8London, April 3 (IANS) The secret about when the midnight romance under a full-blown moon night on earth began is out.

A heartening discovery by an international team of planetary scientists has revealed that the moon formed nearly 100 million years after the start of the solar system.

“We were excited to find a ‘geological clock’ for the formation time of the moon that did not rely on radiometric dating methods. This correlation just jumped out of the simulations and held in each set of old simulations we looked at,” said an excited Seth Jacobson from the Observatory de la Cote d’Azur in Nice, France.

The moon’s age is defined on measurements from the interior of the earth combined with computer simulations of the proto-planetary disk from which the earth and other terrestrial planets formed.

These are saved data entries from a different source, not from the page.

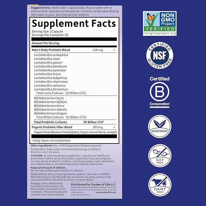 Garden of Life Probiotics for Men Dr Formulated 50 Billion CFU 15 Probiotics for Digestive Health + Organic Prebiotic Fiber for Colon & Immune Support, Daily Gas Relief, Shelf Stable, 30 Capsules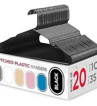 Sharpty Plastic Hangers, 20-Pack, Slim, Space Saving, Heavy Duty, Notched, Durable, Smooth, Fabric-Friendly, Ideal for Clothing, Coats, Shirts, Ties, Belts, Accessories - Black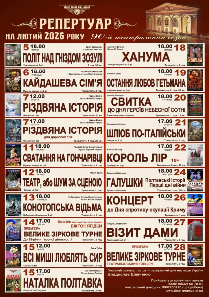 Афіша театру Гоголя Полтава Що буде у театрі імені Гоголя Полтава у лютому 2026 року. Нова афіша Нова афіша театру імені Гоголя Полтава на січень 2026 року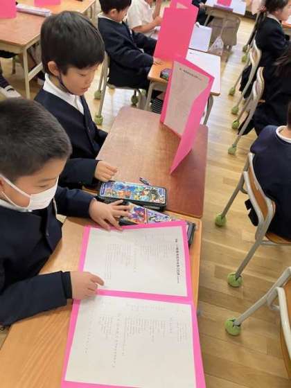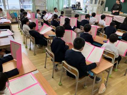入学式では、今の1年生が先輩の2年生として、歓迎の言葉を言います。言ったり、歌ったり、合奏したりします!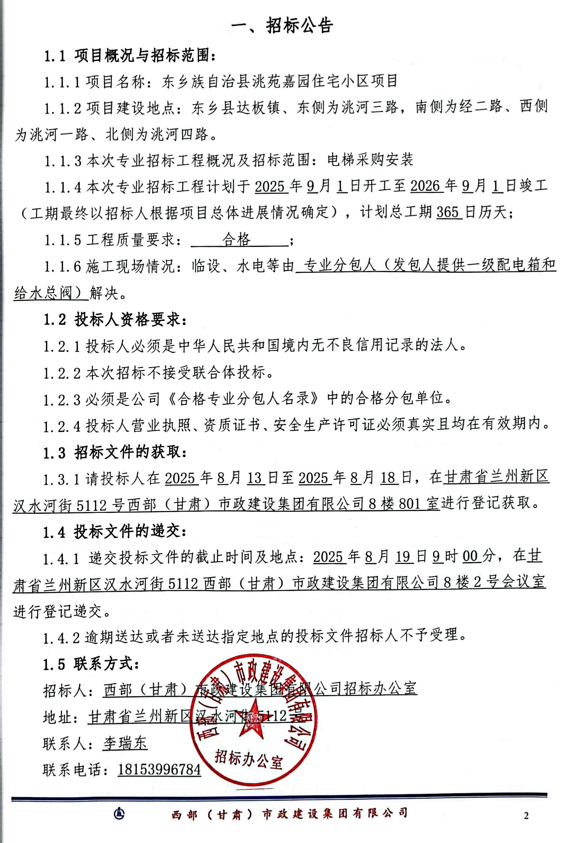 東鄉(xiāng)族自治縣洮苑嘉園住宅小區(qū)項目-電梯采購安裝-招標(biāo)公告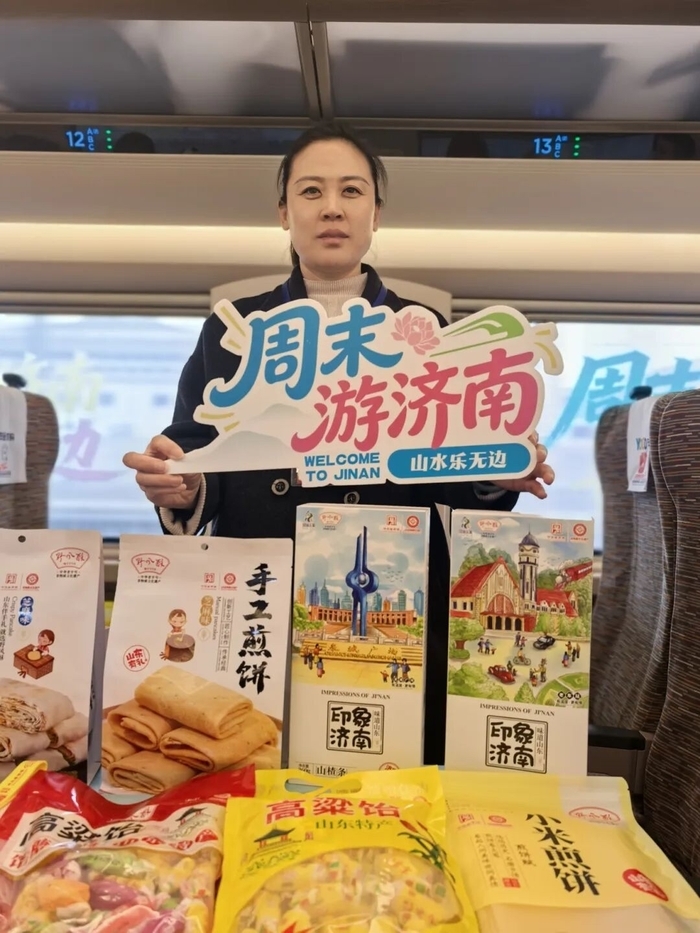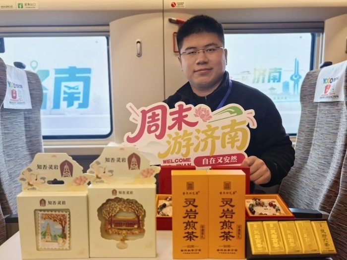 济南文旅推荐官家乐与任潇化身“一见清辛”组合(李清照、辛弃疾),带领旅客了解济南的人文历史、旅游资源和潮流地标。山东快书高派非遗代表性传承人尹国鹏带来一段经典《武松打虎》,赢得满堂喝彩;灵岩小书生与旅客轻松对答,介绍灵岩寺的千年古韵。济南市杂技团青年魔术师张云峰带来变幻莫测的近景魔术表演,令现场旅客惊叹连连;济南市歌舞剧院青年歌唱演员丁晓鹏深情演唱《鹊华秋色》,以歌声描绘元代画家赵孟頫笔下的济南山水画卷。天下第一泉风景区带来《金风玉露宜相逢》演艺互动,让旅客在轻松愉悦中提前“种草”泉城风情。济南市文化和旅游局还精心准备了博物馆文创、野风酥休闲食品等城市礼物,让旅客在高铁车厢里提前感受济南的热情与韵味。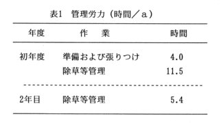 - 法面1a当たりの作業時間は、準備と張りつけが4時間、手取り除草が11.5時間の合計15.5時間である。全面被覆後の除草はほとんど不要で、2年目は刈り払い機による地上部除草のみの5.4時間で、除草労力が軽減できる(表1)。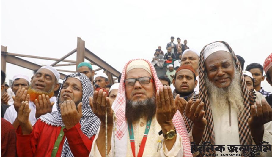 তিন দিনের প্রতীক্ষার অবসান ঘটে রোববার সকালে। জনসমুদ্রে হঠাৎ নেমে আসে পিনপতন নীরবতা। এরপর শুরু হয় মোনাজাত।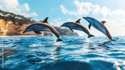 Obraz premium Playful Dolphins Leaping Over Ocean Waves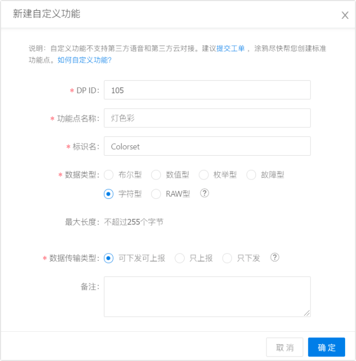 - 字符串型和透传型用于较复杂功能,只有当其他类型无法满足需求时,才推荐使用。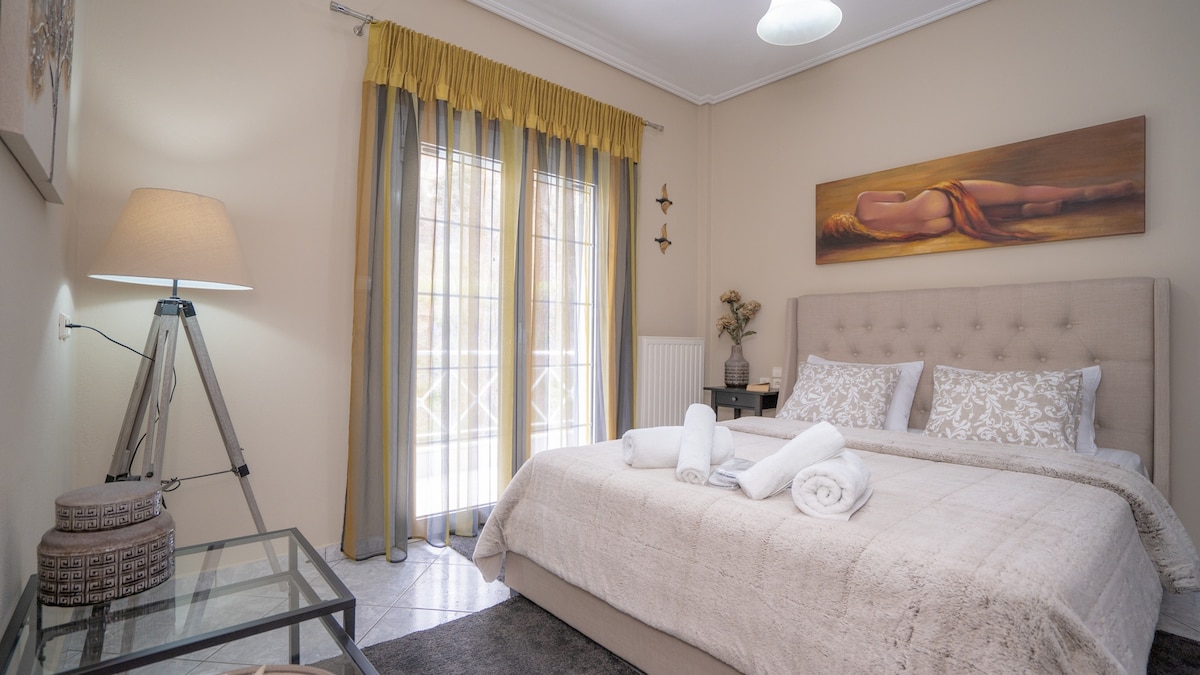 The apartment is located at the very center of Kalampaka.Only 200m from the Train and Bus Terminal. Plenty of restaurants, super market and nightlife places are accessible at a walking distance. Each bedroom is equipped with a queen-size anatomical mattress, quality bedsheets,aircondition and flat-screen TV. Amenities,towells and slippers are provided. Some breakfast supplies and welcome drink can be found in the fully equipped kitchen. P.S. Enjoy Meteora View from both living room and balcony.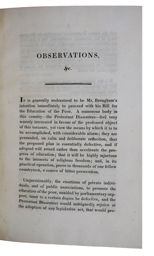 Observations on Mr. brougham's bill "for better providing the means of education for his majesty's subjects;" shewing it's inadequacy to the end proposed, and the danger which will arise from it to the causes of religious liberty.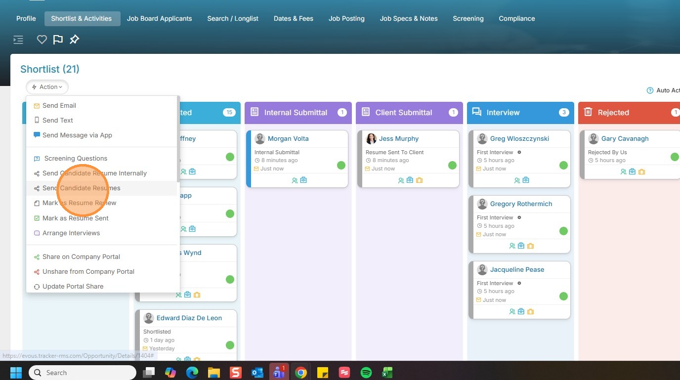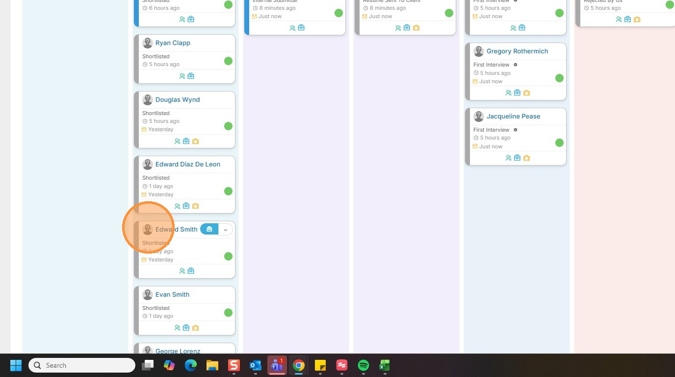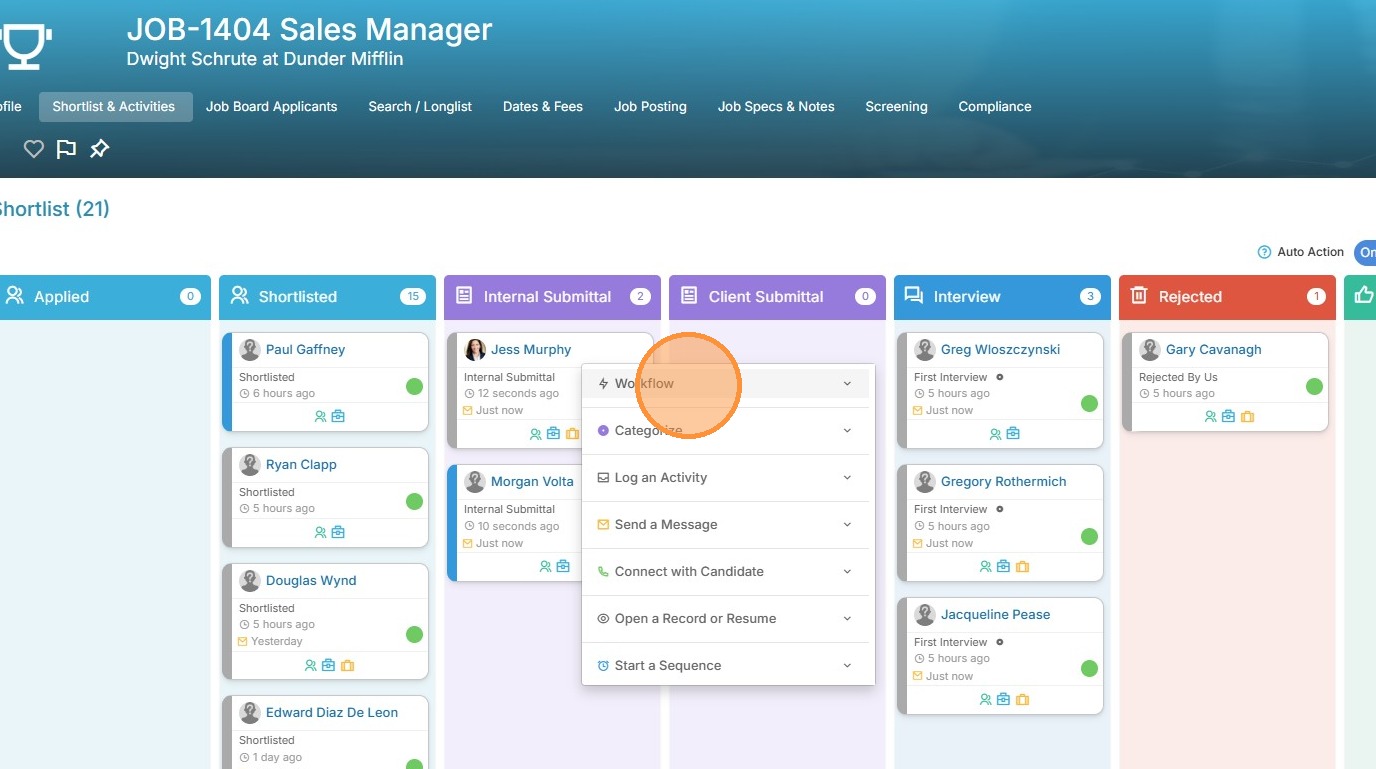22. You can see both candidates have moved to the Client Submittal card, along with Jess Murphy.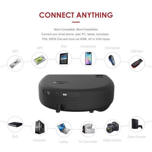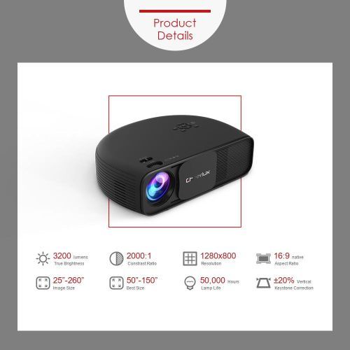 ● 1280 x 800 resolution, 1080p ● Lifespan up to 50000 hours ● Lower noise compare with our other projectors, less than 42dB ● 3200 lumens which will meet your needs. Best for home theater, games, small office room, small clroom ●Excellent Picture Quality With optical gl lens technology, 3200 lumens high brightness mini projector but huge projection size 25 - 260 inches ( best for 50 - 150 inch ). 1280 x 800P native pixels resolution screen and up to 1080P. 2000:1 contrast ratio for superior picture color. You will get ultimate visual experience just like in a cinema. ●La d Technology Adopted diffuse reflection to protect your children's eyes. And built-in Amplifier chip and SRS sound & HiFi level eo speaker, which can make you enjoy best watching experience. You can watch movies via DVD, Blue-Ray DVD player and U-disk. ( Note: do not Dolby sound. ) ●Strong Connection Our home theater projector enables to connect to Roku g Sti / Chromecast / Laptop / blue-ray DVD player / PS3 / PS4 / Xbox / TV box via HDMI port; connect to PC to play game via VGA port; hook up to headphone / outer speakers via audio port; 2 x USB slots: plug U-disk / hard disk device. ●Updated Fan Sound and System Equipped with an advanced cooling system with heat dispersion, the fan noise is only 48db, which is more suitable for watching movies or playing games when your baby is sleeping. Environmental friendly and energy saving, which can last 50000 hours long lamp life. ●Compact , Portable Adapters are required if you connect the projector to a iPad, iPhone or other tablets and smart phones. Ideal for Christmas and Thanksgiving Party, home theater entertainment, family movie time, football / sports events, TV series and video games.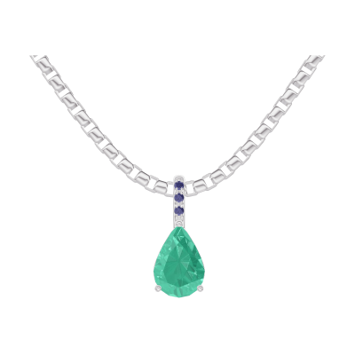 Pendentif Or blanc 18 carats - Émeraude Poire 0.3 carat - Sertissage Saphir bleu - Chaîne Vénitienne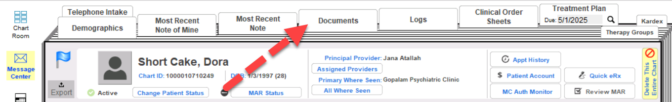 3. From the Chart Room, locate the patient's chart and open it.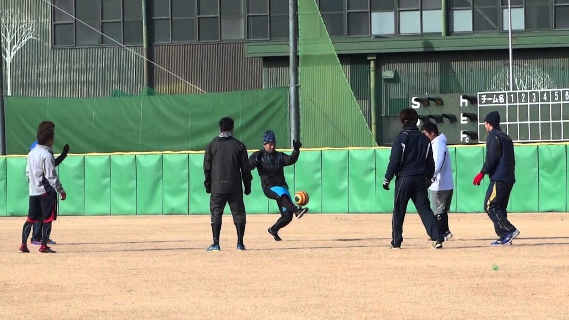 埼玉西武ライオンズの選手たちが自主トレを行っている中、中村剛也選手や炭谷銀仁朗選手などはサッカーのリフティング練習を行ってました。

The team of researchers from France, Germany and the US simulated the growth of the terrestrial planets (mercury, venus, earth and mars) from a disk of thousands of planetary building blocks orbiting the sun.

By analyzing the growth history of the earth-like planets from 259 simulations, the scientists discovered a relationship between the time the earth was impacted by a Mars-sized object to create the Moon and the amount of material added to the earth after that impact.

This is the first ‘geologic clock’ in early solar system history that does not rely on measurements and interpretations of the radioactive decay of atomic nuclei to determine age.

“This result is exciting because in the same simulations that can successfully form Mars in only two to five million years, we can also form the Moon at 100 million years. These vastly different timescales have been very hard to capture in simulations,” explained Kevin Walsh from the Southwest Research Institute (SwRI) Space Science and Engineering Division.

Other scientists previously demonstrated that the abundance in the earth’s mantle of highly siderophile elements, which are atomic elements that prefer to be chemically associated with iron, is directly proportional to the mass accreted by the Earth after the Moon-forming impact.

This estimate for the moon-formation agrees with some interpretations of radioactive dating measurements, but not others, said a paper published in the journal Nature.

Because the new dating method is an independent and direct measurement of the age of the moon, it helps guide which radioactive dating measurements are the most useful for this long-standing problem, the paper added.